Johannes 11,35

Wir stehen am Anfang der Passionszeit – einer Zeit, in der wir uns auf Karfreitag und Ostern vorbereiten. Und gerade jetzt passt dieser Vers, weil er uns hilft, Aspekte Gottes zu entdecken, die wir sonst leicht übersehen.

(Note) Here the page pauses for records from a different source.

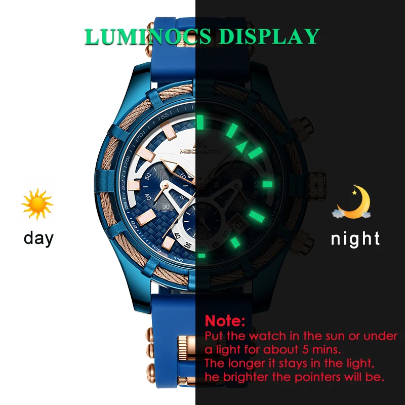 Product Name: MEGALITH moda Luminous Displ mężczyźni zegarki Top marka luksusowe wodoodporny Sport Chronograph zegarek kwarcowy na rękę Relogio Masculino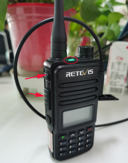 1. Enter the DFU mode. Press the PTT+P1 key together, turn on the radio.
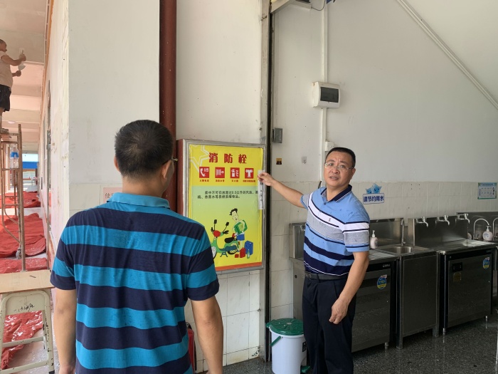 最后胡小明校長對防疫安全工作也進行了仔細的檢查,包括學(xué)校的校門、體溫檢測點、隔離室、教室、飲水機處等場所的疫情防控措施落實情況,錯峰上學(xué)、放學(xué)方案、就餐安排、衛(wèi)生消毒、物資準(zhǔn)備等復(fù)學(xué)準(zhǔn)備工作情況,
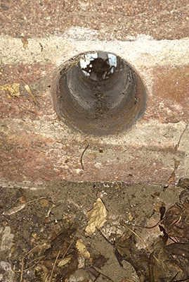 1. We boren een cilindervormige koker van buiten naar binnen naar uw kruipruimte. Dit noemen we een renovatiekoker De hoek, grootte en positie van de koker meten we nauwkeurig van tevoren. Aan beide uiteinden van de koker plaatsen we een rooster.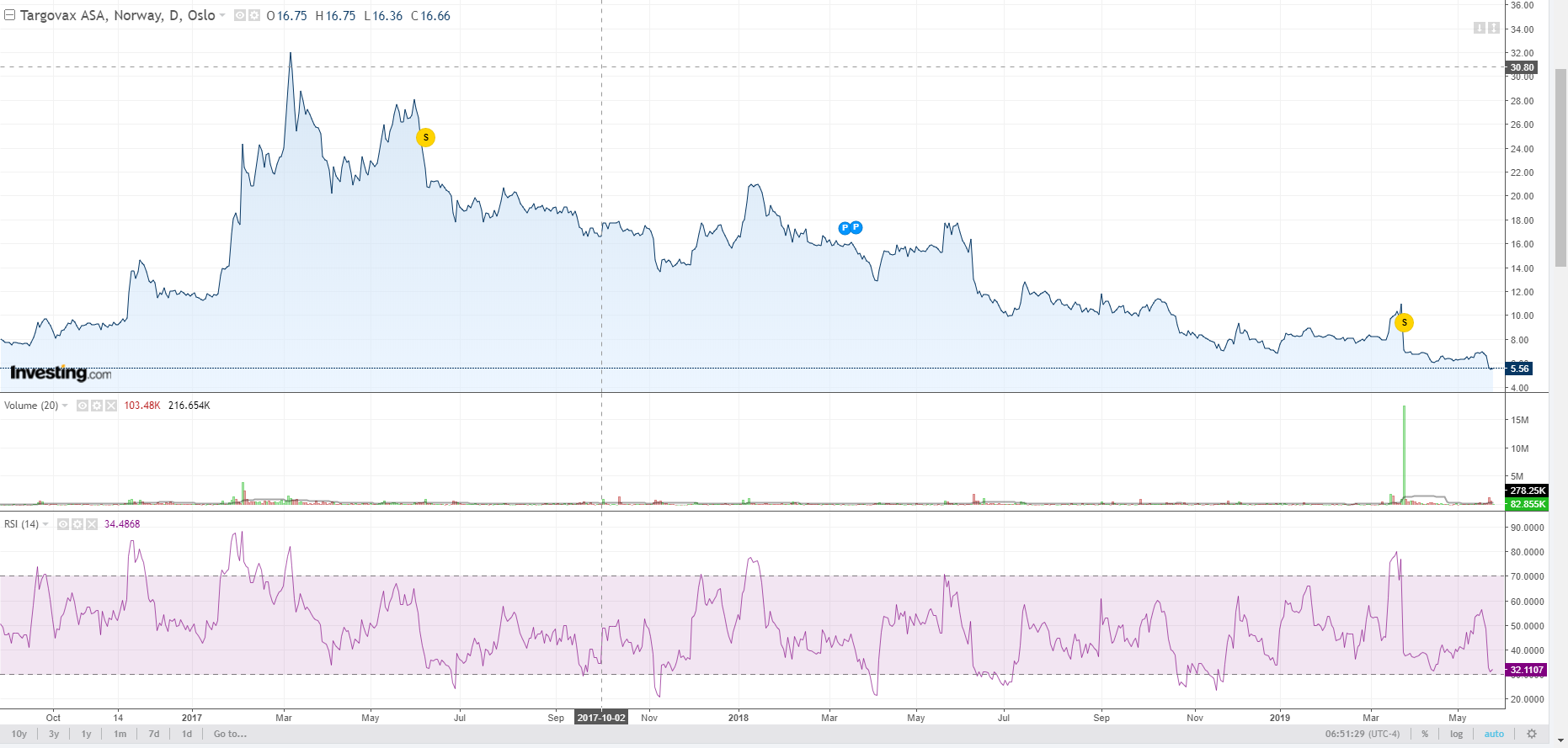 12 juni 2018 falt aksjen -20% da de annonserte fokus på oncos.

Auch wenn man darüber diskutieren könnte, warum Jesus hier weinte, können wir dennoch einiges festhalten. Zum einen zeigt uns die Stelle, dass Jesus – und damit auch die ganze Gottheit – Gefühle hat und diese auch ausdrückt. Es wird von einer ganzen Reihe von Emotionen gesprochen, die Jesus durchlebt: Zorn, Schmerz und wohl auch Mitgefühl mit den Trauernden. Obwohl er den großen Plan im Blick hatte und wusste, dass er Lazarus auferwecken würde, bewegte es ihn tief, wie es Maria und den anderen ging. In dieser Situation begegnet er sogar Menschen, die über ihn reden und versuchen, seine Emotionen auszunutzen.

Wir erleben Jesus hier ganz als Mensch – und zugleich ganz als Gott, indem er Lazarus von den Toten auferweckt.

Deshalb möchte ich euch ermutigen: Ganz egal, welche Zeiten ihr erlebt, ob herausfordernd oder nicht – wir dürfen wissen, dass Jesus mit uns mitfühlen kann und es auch tut. Dass es einen guten Plan gibt, auch wenn wir ihn nicht sehen. Dass Gott nie die Kontrolle verliert und uns nicht für unsere Emotionen verurteilt.

Darum ist es für uns eine Hoffnungsbotschaft, wenn wir Jesus weinend sehen.